Saturday, April 24, 1999

By Christopher Snowbeck, Post-Gazette Staff Writer

A University of Pittsburgh Medical Center surgeon says new international guidelines for placing patients on waiting lists for donated lungs aren't useful when considering patients with cystic fibrosis.

If transplant centers were ever forced to adhere to the guidelines, people with cystic fibrosis might not be eligible for a transplant until it was too late, said Dr. Robert J. Keenan, UPMC chief of lung transplantation.

Keenan based his conclusion on his study of 164 cystic fibrosis patients evaluated for transplant at UPMC between 1990 and 1998. The international guidelines assess patient conditions by measuring the volume of air that can be expired and the percentage of oxygen and carbon dioxide in their bloodstream.

Keenan presented the findings yesterday at an International Society for Heart and Lung Transplantation meeting in San Francisco.

Cystic fibrosis affects about 30,000 children and young adults. Characteristics of the disease include the production of thick mucus, which can disrupt organ function and lead to chronic respiratory infections. Patients benefit from double lung transplants, but there are not enough organs to match the need. Also, in the competition for donor lungs, cystic fibrosis patients are outnumbered by patients with other diseases.

Doctors representing heart and lung transplant associations from around the world agreed last fall to create guidelines on when patients should be put on waiting lists; the guidelines also give doctors advice on when to refer patients for transplant. The concern has been that if patients are put on the list too early, they might receive a transplant when they could live without it, Keenan said. That could deprive a sicker patient of the organ.

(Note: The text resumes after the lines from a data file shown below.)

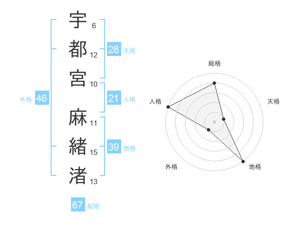 宇都宮 麻緒渚さんの総格は67画の4点!
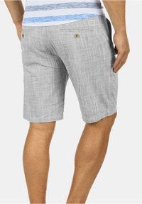 Shorts en lin gris avec une finition texturée, dotés d'une taille élastique avec cordon de serrage et de poches latérales. Portés avec une chemise rayée bleu et blanc.
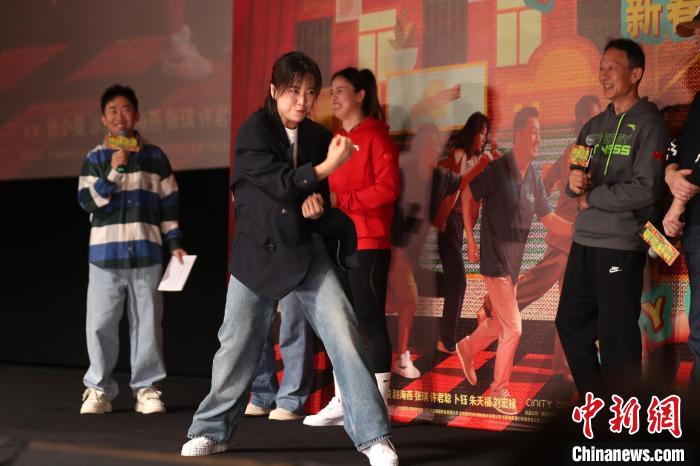 賈玲現(xiàn)場秀拳擊天賦。中新網(wǎng)記者 張亨偉 攝

But cystic fibrosis patients need to be put on the list at an earlier point than the guidelines would suggest, based on the level of carbon dioxide in the blood, according to Keenan's study. The other guideline -- the volume of air than can be expired -- did not help predict when CF patients would die on the waiting list, he said, and therefore isn't useful.

Keenan's study found that the presence of infection-causing organisms and the inability of patients to walk 800 feet within six minutes were significant predictors of death on the waiting list. But those predictors are not included in the guidelines.

Dr. Robert Love, director of the lung transplant program at the University of Wisconsin, said the findings are worth considering.

"CF does have some specific peculiarities that make it hard to put those patients into the categories of standard listing," Love said. "Maybe CF patients ought to get an additional 3 to 6 months on the waiting list."

But Love disagreed with Keenan's overall assertion that the new guidelines, combined with the current U.S. organ allocation system, will lead to an increase in the number of CF patients who die waiting for transplants.

UPMC officials have criticized the United Network for Organ Sharing for its policy of directing organs to patients in the same geographic region as the donor before offering the organs to other regions. The University of Wisconsin is one of the transplant centers that supports the current allocation system, in part because the state of Wisconsin has had success boosting donation locally.

"We generally don't send a lung out of the state, not because we don't wish to share with other people but because we always have someone who is appropriate to transplant," Love said.